Sun Dec 2nd through Sat the 8th, 2018 at Palais des Congrès de Montréal
This is a very interesting piece of work, challenging a preconception that a lot of deep learning practitioners have. The authors show that batch norm has very little effect on "internal covariate shift". They postulate that its benefit is due to a smoothing effect on the optimisation landscape. As far as I am aware, there is very little work exploring the underlying mechanisms of batch norm. The paper is easy to follow, and well written with a clear narrative. Having a theoretical analysis alongside an empirical one is encouraging. A few comments: - 3D plots (in figures 1 and 2) are fairly difficult to interpret (beyond observing that the width changes) - What explicitly is the loss gradient in figure 4? Is it simply the vector of dLoss/dWeights for the network? - Have you observed the effect of batch norm on more modern networks (e.g. Resnets/Densenets?) ------------------------------ Post-rebuttal ------------------------------ Having read the rebuttal, and the other reviews I am happy with my verdict (7)
Batch normalization accelerates the training process of deep networks and has become de facto standard. Despite the widespread popularity, we have little evidence of where such improvement comes from. This paper explores the roots of success for batch normalization, which was believed to the reduction of internal covariate shift phenomenon, as suggested by the original batch normalization paper. This paper argues it is not because batch norm reduces internal covariate shift. Instead, it is because batch norm smoothens the loss gradient landscape such that gradient is more predictable even with large step sizes.

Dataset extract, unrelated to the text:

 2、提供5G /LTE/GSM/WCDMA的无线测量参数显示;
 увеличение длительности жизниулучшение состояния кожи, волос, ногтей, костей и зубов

My main question is regarding Section 2.2 “Is BatchNorm reducing internal covariate shift?”. I was a bit confused about the new definition of internal covariate shift. In the original paper, by internal covariate shift, they refer to the changes of each layer’s input distribution. In this sense, the reduction of internal covariate shift appears to be one of the simple consequences of batch norm’s mechanics. But when we adopt the new definition, the internal covariate shift goes up as we optimize. I can see the new definition being more convenient from an optimization perspective, but perhaps it is a bit strange to conclude batch norm does not reduce internal covariate shift at all from empirical results based on a different definition. Despite so, the results based on the new definition are still interesting to think about. As suggested in the end, the smoothening effect of batch norm could encourage the training process to converge to more flat minima. I am curious if other normalization strategies, which aim at the same smoothening effect, also tend to improve generalization as well. A minor concern: Activation histograms in Figure 2 and Figure 7: It is a bit hard for me to interpret such histograms without the explanation of what each axis means.

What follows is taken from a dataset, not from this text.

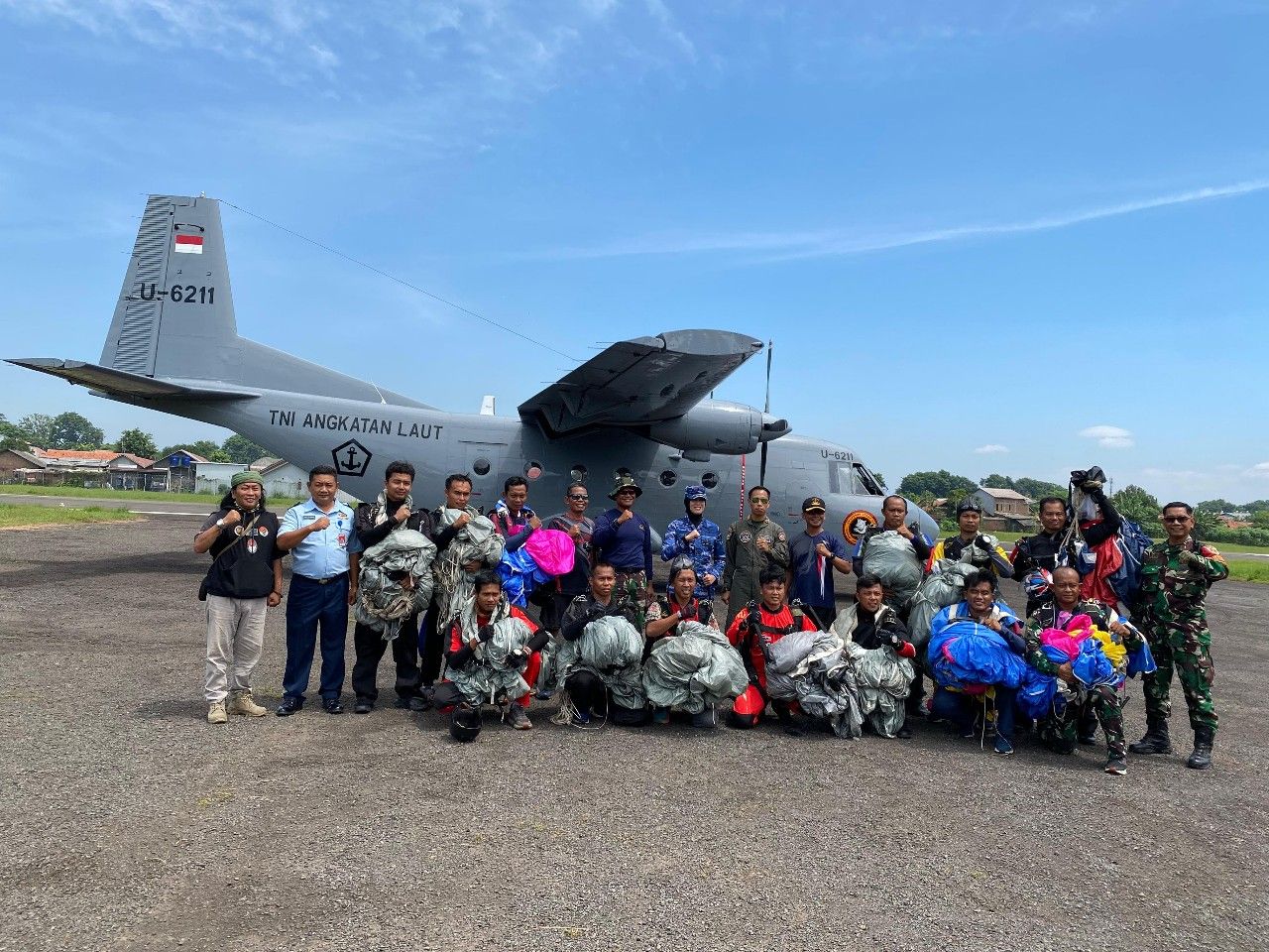 "Puji Syukur kepada Tuhan Yang Maha Kuasa, latihan berjalan dengan aman dan lancar, selamat melaksanakan penerbangan kembali ke Pangkalan Tanjungpinang, suatu kebanggaan dapat melaksanakan penerjunan di bulan Puasa dengan Pesud Puspenerbal," ujar Dandenjaka TNl AL ini.

Summary The authors present a new justification of the effectiveness of Batch Normalization. They show empirically that what was previously believed to be the main advantage of Batch Normalization, i.e. reducing Internal Covariate Shifts, is actually not something that is modified by this reparametrization and may even be amplified by it. In light of this, they present a new analysis using lipschitz smoothness and how it stabilises both loss landspace and gradients leading to a better (or easier) optimization. This work is very much needed for a better understanding of the underlying effects of batch normalization on optimization and generatlization and it is a natural extension of the recent literature of theoretical deep learning. Quality: The empirical proof on the internal covariate shift is too qualitative. The Figure 1 gives at best a rough idea of what is going on but there is no quantititave measure of the rate of change of the moments of the distribution for instance. Subsection 2.2 is a good attempt however at quantifying the shift. The analysis of section 3 falls somehow short. A strong relation between the lipschitz smoothness and optimization should be explicitly given in the paper. The empricial analysis is not broad enough in my opinion. As listed in this paper, there is a plethora of alternatives to batch-normalization that have been proposed in the past years. Since they all have their up and downs, comparing them on the metrics of ICS as proposed in this paper or lipschitz smoothness would most probably be enligthning. Clarity: The paper is well written and concise. The storyline is clear and easy to follow. Originality: As far as I know this is the first analysis to shed light on the stability and smoothness effect of batch normalization as its most important feature for helping optimization. Significance: This paper is important for two reasons. 1) Batch Normalization is a widely used technique, yet its important underlying properties are not very well understood. 2) Since Batch Normalization seems to help with both optimization and generatlization, a better understanding of it could give fundamental insights for the subfield of theoretical deep learning.